Speaking of product reviews (yesterday’s Ungaro) I also wanted to show you this shirt. It has a couple of interesting features you may want to experiment with yourselves, specifically an atypical collar and a sleeve gusset. Below is your basic camp shirt with a convertible collar, cap sleeves, front and back yokes and minimal vertical darting for shaping.

It looks pretty flat on the hanger and those yokes actually have a bust dart pivoted into that seam so here’s the view on me below. I realize it looks like one side is longer than the other at the hem but that’s because I pressed it skewed.

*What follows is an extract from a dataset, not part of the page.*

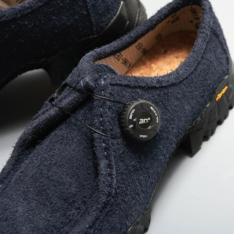 防水透湿のメンブレンのKING-TEXをライナーに搭載した防水性とシューズ内の湿気をそとに逃がす、透湿性が向上したKNOCK2。アッパーには表面に毛羽立ちがあるシャギースエードを使用し、トレイルラン用のvibram社のソールにFREELOCKシステムは健在で、PLAYGROUNDらしい一足へとアップデート。買いやすいプライスにもこだわった一足。

So far, it looks quite ordinary, no? I like simple and basic on the outside but there’s some unusual features in this pattern. First let’s look at the collar. Make a mental comparison to this collar and the usual convertible collar. You’ll note this collar is not breaking (and shapes even better on the body). It rolls smoothly around the neckline -yet it has a stand.

The reason it lies like this is because this isn’t your typical convertible collar; it’s actually drafted like the collar on a suit -the way they’re drafted in industry as opposed to pattern books. Below are two sketches. View “A” shows how pattern books tell you these collars should look. View “B” represents the patterns you’ll find in good suit plants.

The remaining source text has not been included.